Общество

«Вполне счастлив. Во многом благодаря ВИЧ». Волгоградец — о своем пути к активизму через зависимость и две судимости

«Побочки от терапии не так страшны, как терминальная стадия СПИДа». Волгоградец Дмитрий Карсаков живет с ВИЧ более 20 лет и до сих пор благодарен своему первому доктору, которая привила ему приверженность к лечению. За все время был только один перерыв — на тюремном этапе к месту заключения. Сейчас Дмитрий сам продвигает веру в терапию как равный консультант на нескольких интернет-ресурсах, участвует в международных исследованиях. Как он пришел к активизму и как это связано с ощущением личного счастья — в интервью «СПИД.ЦЕНТРа».

Середнячок Волгоград

— Как обстоят дела с пораженностью и заболеваемостью ВИЧ в Волгограде и области? 

— Волгоград — середнячок. По России — места с 30-го по 50-е в разные годы. Но сейчас сложно говорить уверенно, по крайней мере о новых случаях ВИЧ. Статистику «искривила» пандемия коронавируса. С тысячи выявленных в год ВИЧ-положительных людей итоговое число просело за время карантинов раза в два, но это не говорит о том, что самих случаев стало меньше. До коронавируса тесты на ВИЧ делали, например, перед плановыми операциями, но их число резко сократили. Кто-то хотел сходить, сдать тест и передумал. Кто-то откладывает рождение ребенка — тоже минус один тест в женской консультации. Такая временная недодиагностика. Думаю, что в ближайшие годы будет прирост, когда все эти отложенные случаи начнут всплывать.

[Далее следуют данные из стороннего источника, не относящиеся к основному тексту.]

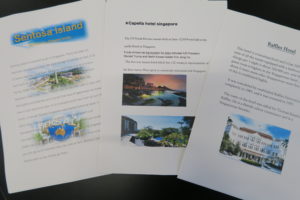 研修参加者は6月から事前研修に取組み、グループごとにシンガポールの歴史、言語、文化、習慣などについて調べ、小冊子にまとめました。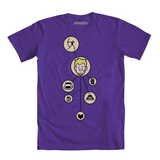 There are two Hawkeyes in the Marvel universe, and yes, they’re both called Hawkeye. There’s Kate Bishop, who smells like tea and flowers and pizza and maybe some socialite schmoozing, and there’s Clint Barton, who smells like coffee and dog food and costumes. I mean, it’s pretty clear who I’d want to go on a cross country road trip of emotional discovery with. Fortunately, I can now announce this with WeLoveFine’s Hawkeye shirts, now being offered in ladies sizes both scoopneck and regular. Part of the proceeds from each shirt goes to Futures Without Violence.

Особая история с Волжским — это город-спутник Волгограда, население — 320 тысяч человек с лишним. Там проходит серьезный поток наркотиков с юга. Подозреваю, что именно оттуда распространялся ВИЧ во времена, когда одноразовые шприцы были в дефиците. Вирус пошел в семьи, его начали выявлять при постановке на учет в женских консультациях. В один год, помню, больше 50 таких случаев было.
Потом был спад, когда бо́льшую часть наркодилеров и просто зависимых людей осудили и посадили. Когда они вышли из нашей же, местной 12-й колонии, начался всплеск заболеваемости. Это было перед началом 2010-х. Как раз в ход пошли «соли», которые как сексуальный возбудитель работают с понятным результатом по ВИЧ. О презервативах в такой ситуации редко вспоминают. По большому счету можно составить график корреляции числа заболевших с посадками и освобождениями из 12-й колонии.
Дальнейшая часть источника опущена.